Action item. Starting at the first line and ending at the one with "Utilize o gerador", give the lines of the listing again exactly, and nothing else; skip the pictures.

Data block.
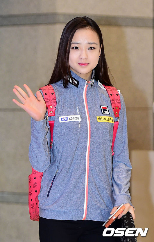 손연재가 입국장을 나가며 취재진을 향해 손을 흔들고 있다.
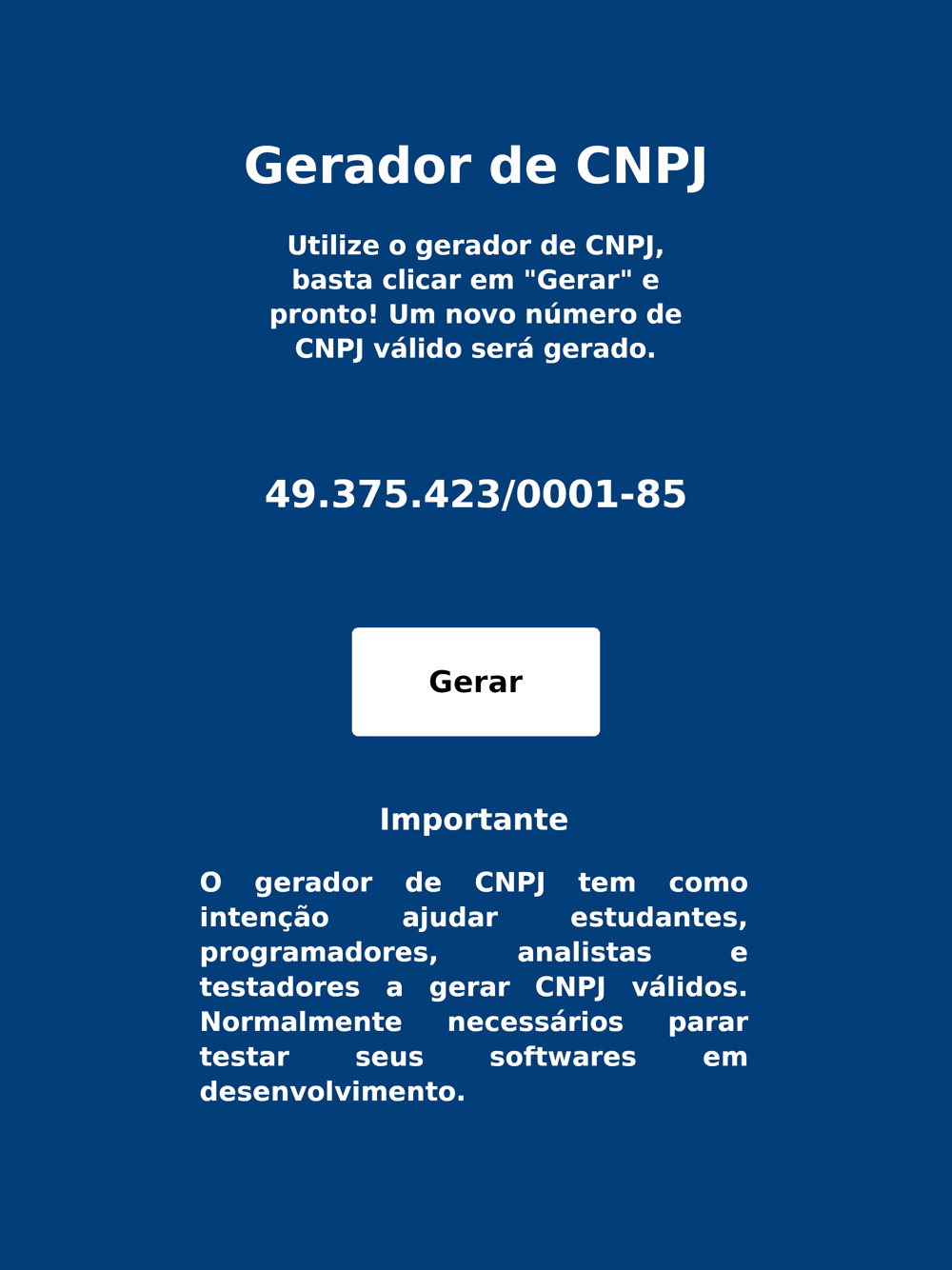 Utilize o gerador de CNPJ, basta clicar em "Gerar" e pronto! Um novo número de CNPJ válido será gerado.
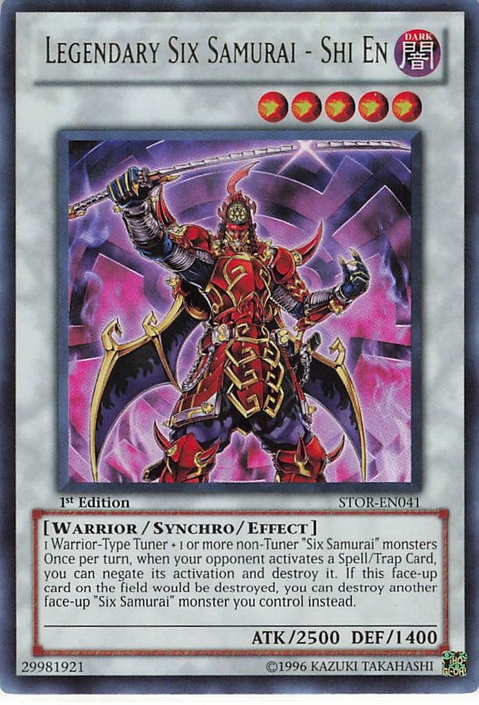 You are purchasing a Yu-Gi-Oh! TCG Storm of Ragnarok Legendary Six Samurai - Shi En #STOR-EN041 1st Edition . Set: Storm of Ragnarok Character: Legendary Six Samurai - Shi En Grade: Near Mint or Better Securely shipped via USPS. You will receive the exact item in the photographs. Thank you for looking. Note: Occasionally, vertical streaks will appear on an image. These are artifacts from the scanning process and the streaks are not on the actual card. Please ask for more photos if you have any concerns. Listed With Mascot .

Answer area.
 손연재가 입국장을 나가며 취재진을 향해 손을 흔들고 있다.
 Utilize o gerador de CNPJ, basta clicar em "Gerar" e pronto! Um novo número de CNPJ válido será gerado.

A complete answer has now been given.